Device Performance of Emerging Photovoltaic Materials (Version 1)

Fei Guo, Tor Jesper Jacobsson, Mohammad Khaja Nazeeruddin, Henry Snaith

Emerging photovoltaics (PVs) focus on a variety of applications complementing large scale electricity generation. Organic, dye-sensitized, and some perovskite solar cells are considered in building integration, greenhouses, wearable, and indoor applications, thereby motivating research on flexible, transparent, semitransparent, and multi-junction PVs. Nevertheless, it can be very time consuming to find or develop an up-to-date overview of the state-of-the-art performance for these systems and applications.
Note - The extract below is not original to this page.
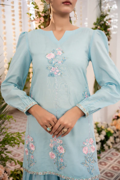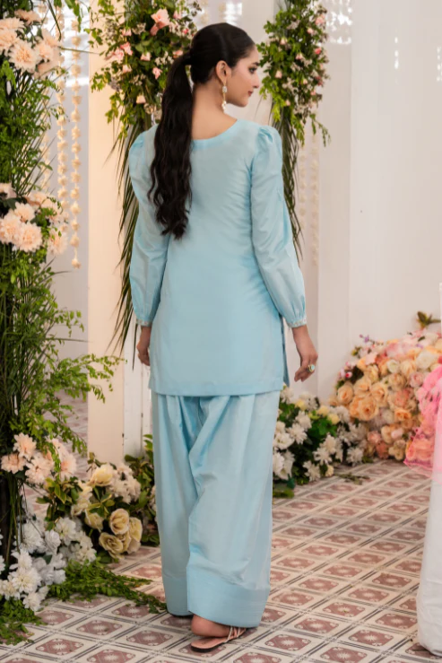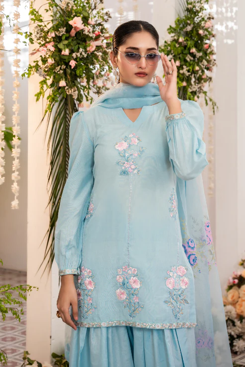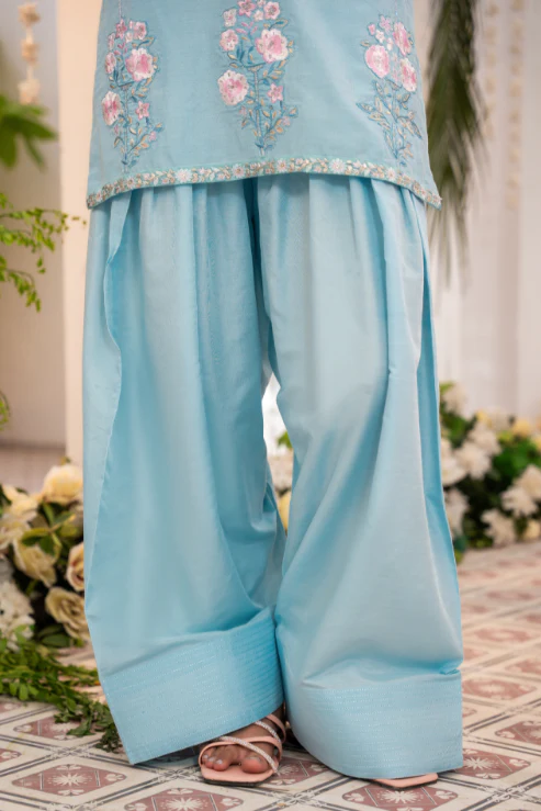 A sky blue vision in cotton silk, adorned with delicate floral embroidery and lace. Paired with a flowing farshi shalwar and an organza dupatta featuring block print and four-sided lace detailing, this 3-piece set is made for graceful celebrations.

Two important resources for recording research cells efficiencies are the National Renewable Energy Laboratory chart and the efficiency tables compiled biannually by Martin Green and colleagues. Both publications provide an effective coverage over the established technologies, bridging research and industry. An alternative approach is proposed here summarizing the best reports in the diverse research subjects for emerging PVs. Best performance parameters are provided as a function of the photovoltaic bandgap energy for each technology and application, and are put into perspective using, e.g., the Shockley-Queisser limit. In all cases, the reported data correspond to published and/or properly described certified results, with enough details provided for prospective data reproduction. Additionally, the stability test energy yield is included as an analysis parameter among state-of-the-art emerging PVs.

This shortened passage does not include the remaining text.